Before bankruptcy: Can I go to jail if I ignore this summons?

Posted by / in Before Bankruptcy, warrant in debt / 35 comments

Around 100,000 people a year get arrested because they owe unpaid bills and ignore a court paper.  Does this happen in Virginia.  Yes!

I’m a Virginia bankruptcy lawyer.  About one-third of my clients don’t come to see me until the sheriff brings court papers to their door.

Then it’s panic time!  Here are questions people ask.

“What do these papers mean?”

“Is it too late to file bankruptcy? ”

And the big question, “Can I go to jail?”
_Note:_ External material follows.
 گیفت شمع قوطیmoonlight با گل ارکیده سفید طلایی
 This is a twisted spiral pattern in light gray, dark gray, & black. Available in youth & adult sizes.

First the good news.  In case you didn’t learn this in school, debtor’s prison was abolished in America in the 1830’s. You can’t go to jail for not paying your debts.

Arest for ignoring summons to answer interrogatories

You can't get arrested for not paying your bills. You can get arrested for ignoring court papers.
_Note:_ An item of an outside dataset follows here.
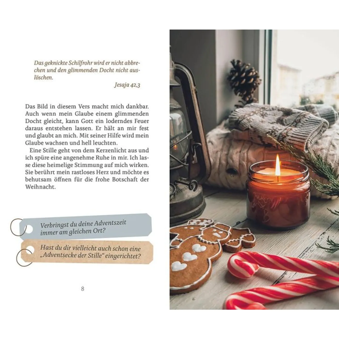 Das Buch kann helfen, im hektischen Weihnachtsalltag zur Ruhe zu kommen. Die einzelnen Kapitel greifen weihnachtliche Themen auf (Pyramide, Nikokaus usw.). Fragen ermutigen, mich zu reflektieren. Gedichte, Gebete und Aussagen bekannter Menschen zu Weihnachten runden das Bild ab. Sogar ein Plätzchenrezept kann man entdecken.
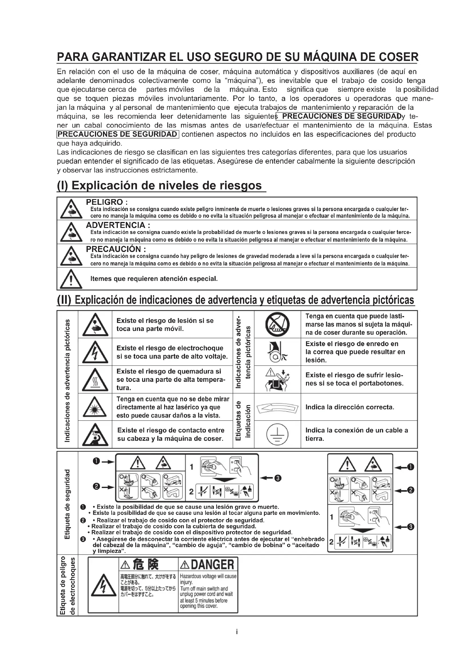 PARA GARANTIZAR EL USO SEGURO DE SU MÁQUINA DE COSER (I) Explicación de niveles de riesgos (II) Explicación de indicaciones de advertencia y etiquetas de advertencia pictóricasii ESPAÑOL

Here’s the bad news.  You can get arrested for not appearing in court to answer questions from your creditor.

The Wall Street Journal found that over 5,000 people were arrested for that last year in just nine big counties.   (If smaller counties did the same thing, and I hope they don’t, that would calculate to 100,000 arrests each year.)  Wow!

Can that happen to you?  Yes.  Here are the steps that could get your arrested for a debt lawsuit in Virginia.
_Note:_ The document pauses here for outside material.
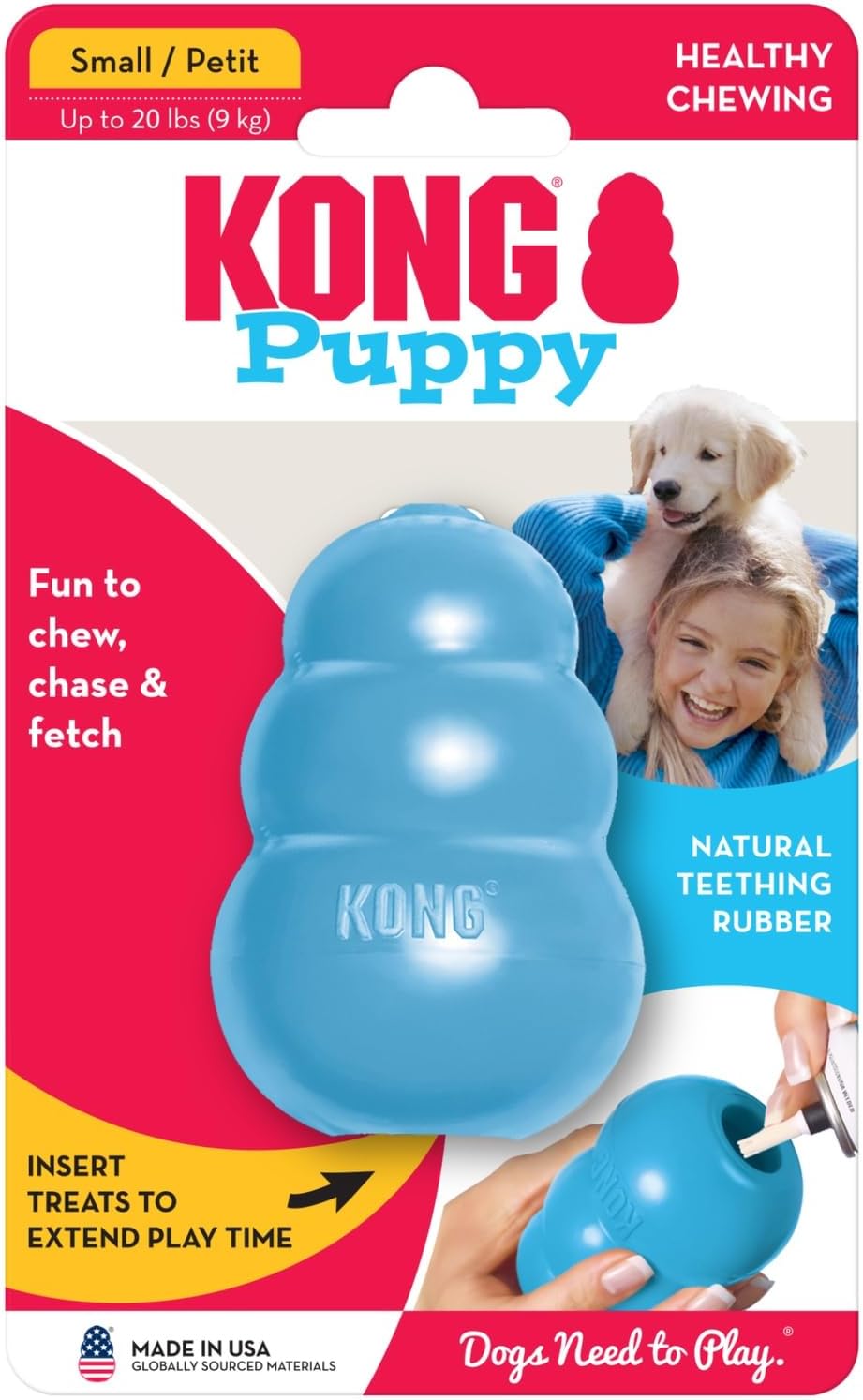 KONG Puppy - Juguete de goma natural para morder para perros - Juguete de goma para perros con relleno - Juguete para masticar y lanzar para cachorros - para cachorros pequeños - Azul

The first paper you get is a warrant in debt.  Warrant makes it sound worse than it is.  (And just ignoring court papers is never a good idea.)  The warrant in debt cannot get you arrested.  It’s the paper when a bank, credit card company, can loan or debt collector says, “hey, you owe us this money.”  People often  call the lawyer for the creditor when they get a warrant in debt and ask, “do I have to go to court.”  The answer you get is, No.  But when you don’t go to court you admit you owe the money.

Once you miss that first court date, the machinery of the law goes to work to collect money from you.  If the creditor knows where you bank, or where you work, they can file papers for a garnishment.   You get notice of the garnishment about the same time you find out your bank account is frozen or your pay is short.  There’s a court date on the garnishment and people think that’s there chance to dispute it.  It’s not.  That’s the day the bank or your payroll is supposed to turn the money in.  When you didn’t show up at the warrant in debt court date, you automatically gave the creditor the right to garnish you.

If the creditor doesn’t know where you bank or work, they can file a “summons to answer interrogatories.”  That paper tells you, come to court and answer our questions so we can garnish you.

Some people think a “summons” sounds less dangerous than a “warrant.”  So if they ignored the warrant in debt, they should be able to ignore the “summon to answer.”  Bad idea.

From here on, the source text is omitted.